Vietnamese Ambassador to India, Pham Sanh Chau, recently made a ‘courtesy call’ to Indian foreign secretary Harsh Shringla, about flaring tensions with Vietnam, after China deployed its H-6J bomber to the Woody Island, the largest of the disputed Paracel Islands.
During the call to Shringla, Vietnam’s Ambassador Chau updated him on the latest flare-up with Beijing and also expressed his country’s determination to advance “Strong Comprehensive Strategic Partnership” with India. Could this be the next ‘iron brothers’ partnership emerging in Asia after Pakistan and China?
“Both India and Vietnam perceive China as an irredentist and expansionist power that can never be territorially satiated and therefore presents a clear and present danger. India seeks to do to
China what China has done to India, that is, containment and encirclement,” Mohan Malik, a visiting fellow of the NESA Centre for Strategic Studies (a regional centre of the US Department of Defence, told SCMP.
New Delhi has taken a firm stand against growing Chinese expansion. Similar to how India has accused China of unitarily trying to alter the status quo at the Line of Actual Control (LAC) in Eastern Ladakh, Vietnam and other South Asian nations have accused China of doing the same in the South China Sea.
“Just as Islamabad and Beijing closely coordinate and support their military moves against India, New Delhi and Hanoi have now begun briefing and supporting each other vis-à-vis Beijing. And just as Pakistan favours a strong Chinese naval presence in the Indian Ocean, Vietnam favours an Indian naval presence in the South China Sea,” Malik said.
Despite opposition from China, Vietnam has sought India’s greater role in exploring oil and gas blocks off its coast in the South China Sea saying that the area falls in its economic zone. Earlier India had extended a $100 million Line of Credit (LOC) to Vietnam to help acquire Patrol boats. It has also announced another $500 million LOC for Hanoi to help it procure military equipment from India.
According to Derek Grossman, a senior defence analyst at the Rand Corporation, India and Vietnam could further enhance this cooperation by “information sharing, military training and perhaps weapons procurement.” He further added that the militaries of the two countries are highly complementary as they both largely relied on Soviet-era or Russian equipment.

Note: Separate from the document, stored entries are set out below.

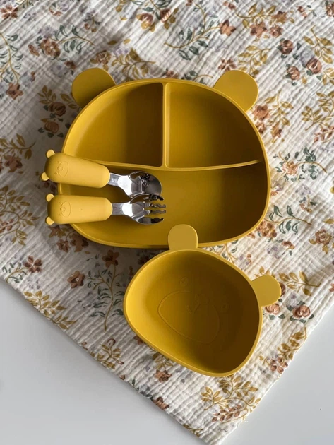 Набір дитячого силіконового посуду "Ведмедик" на присосках | Посуд для першого прикорму Гірчиця
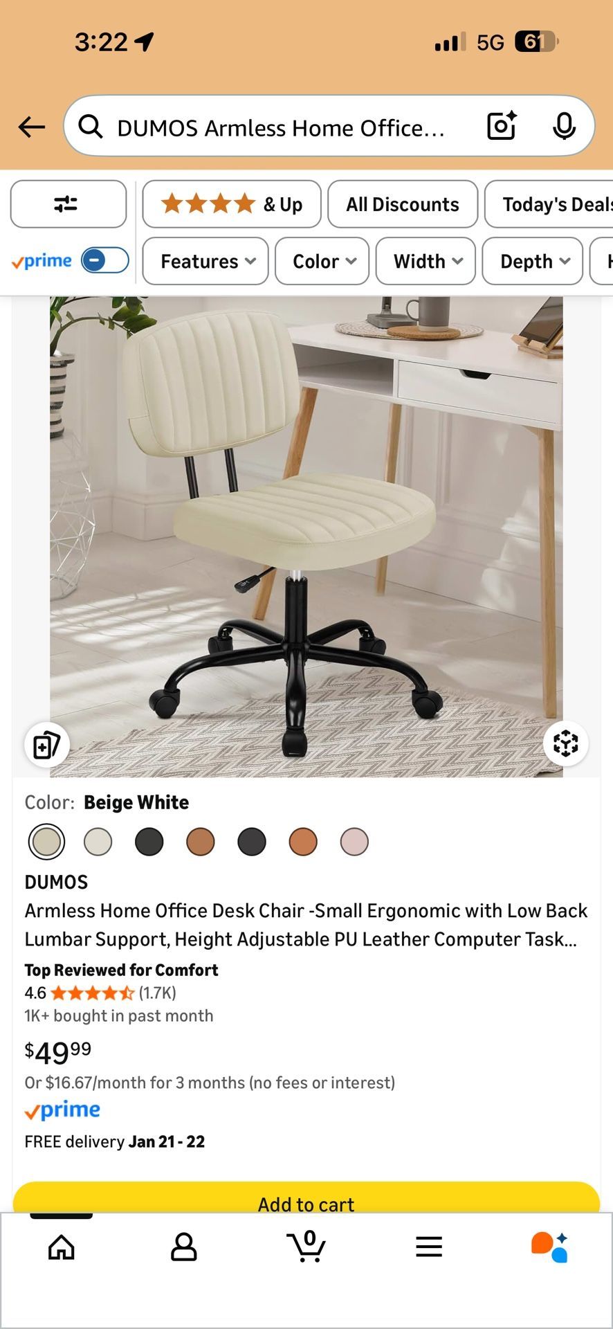 DUMOS Armless Home Office Desk Chair -Small Ergonomic with Low Back Lumbar Support, Height Adjustable PU Leather Computer Task with 360° Swivel Rolling Wheels, for Small Space, Beige White
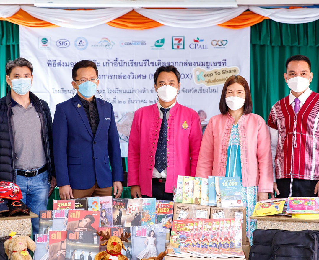 เซเว่นฯ ร่วมกับ เอส ไอ จี ส่งมอบชุดโต๊ะเก้าอี้ รีไซเคิลจากกล่องนมยูเอชทีในโครงการกล่องวิเศษ ให้กับโรงเรียนบ้านแม่โต๋ และ...
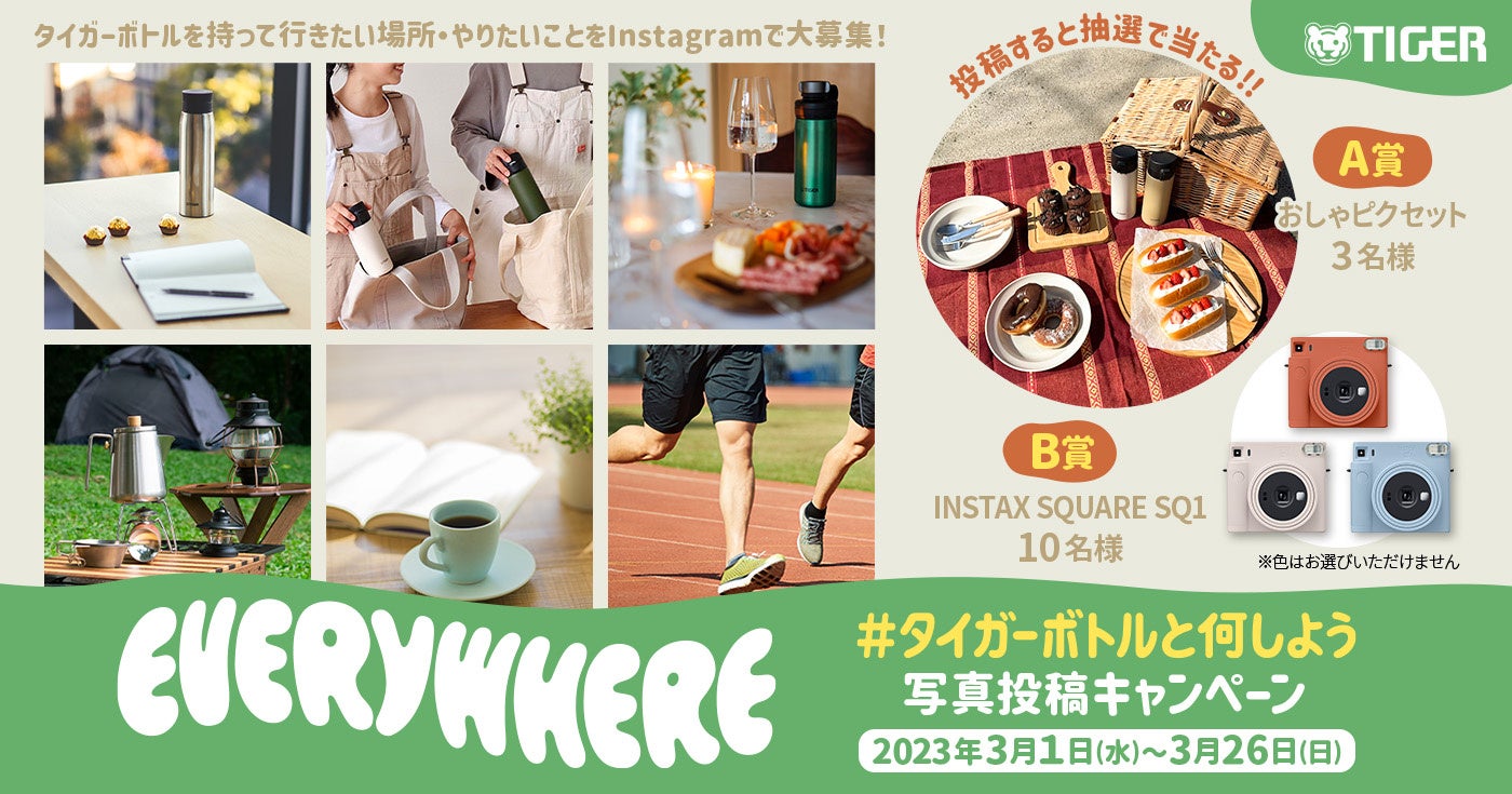 当社は2023年1月に、自由な発想でどこにでもタイガーボトルを持って行って使ってほしいという想いを込めたボトルの新しいコミュニケーションコピー「EVERYWHERE」を公開しました。本キャンペーンでは、「#タイガーボトルと何しよう」の呼びかけのもと、Instagramで皆様からのタイガーボトルを持っていきたい場所・やりたいことの投稿を募集します。投稿いただいた方の中から抽選で3名様に、Instagramで話題の、フォトジェニックなお弁当やスイーツ、食器などを持ち寄って楽しむピクニック「おしゃピク」や、自身の“推し”グッズと共にピクニックを楽しむ「推しピク」がすぐにできる、ピクニックセットをプレゼント。ぜひ暖かくなるこれからの時期に、タイガーボトルを連れて、「EVERYWHERE」でピクニックを楽しんでください。

However, some analysts believe that there could be several impediments to this close cooperation. Malik explained that the Indian military was currently on a war-footing for a possible two-front conflict with China and Pakistan, its ability to provide real-time military help to Vietnam was limited.
“However, their intelligence-sharing pact would come in handy for monitoring the movement of the Chinese navy’s surface and subsurface vessels,” Malik added.

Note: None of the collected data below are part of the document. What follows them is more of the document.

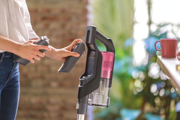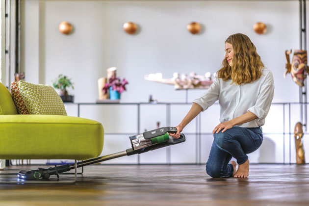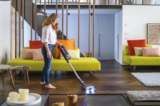 Nový vysavač HF9 lze zaparkovat ve svislé poloze bez nutnosti připevnit jej ke stěně, takže jej uložíte opravdu kamkoliv – do komory, do rohu v kuchyni, aby byl stále po ruce.
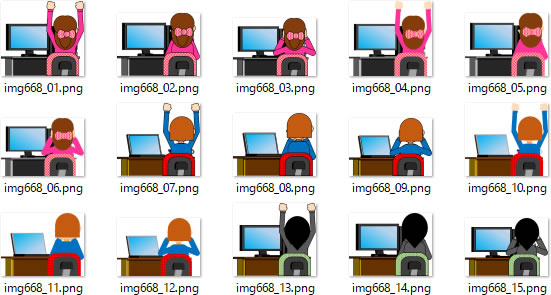 フリー、無料で使える持ち上げる、支えるポーズのビジネスウーマンのイラスト画像です。パワーポイントPPTX形式、PNG形式画像で作成しています。30パターンあります。
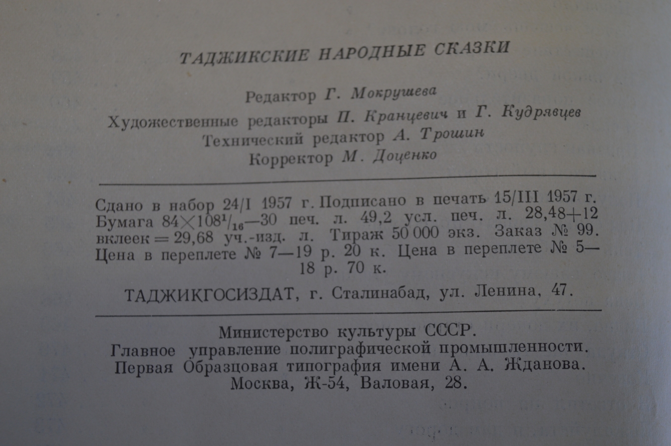 Книга "Таджикские народные сказки". Таджикистан. Сталинабад, 1957 год. #K8
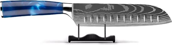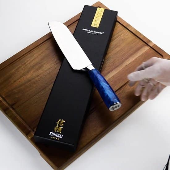Het Japanse Damast Print Series Epoxy Sapphire – Santoku mes (18cm) van Shinrai Japan is een multifunctioneel Japans mes. Een santoku mes kun je namelijk groente, vlees en vis mee snijden, hakken en trancheren. Een voordeel van een santoku mes is dat ze lichter zijn dan de meeste Europese keukenmessen en daarom ook iets beter hanteerbaar zijn. Hierdoor blijft het aangenaam om mee te snijden, ook voor de kok met lange dagen.

Carlyle Thayer, an emeritus professor of the University of New South Wales at the Australian Defence Force Academy, pointed out that any cooperation between India and Vietnam would be threatened by Chinese aggression.
He added that when Vietnam showed interest in buying the BrahMos missile, developed jointly by India and Russia, it was not sold to Vietnam for fear of angering China.
“Any strengthening of India-Vietnam defence ties would be driven by controlled Chinese belligerence towards both India and Vietnam, and would most likely be incremental. Neither India nor Vietnam wants to aggravate their relations with China,” Thayer said.
“In sum, China’s deployment of a single H-6J bomber [to Woody Island] should not be viewed as a game-changer in strategic terms necessitating a sudden acceleration of India-Vietnam defence ties,” Thayer added.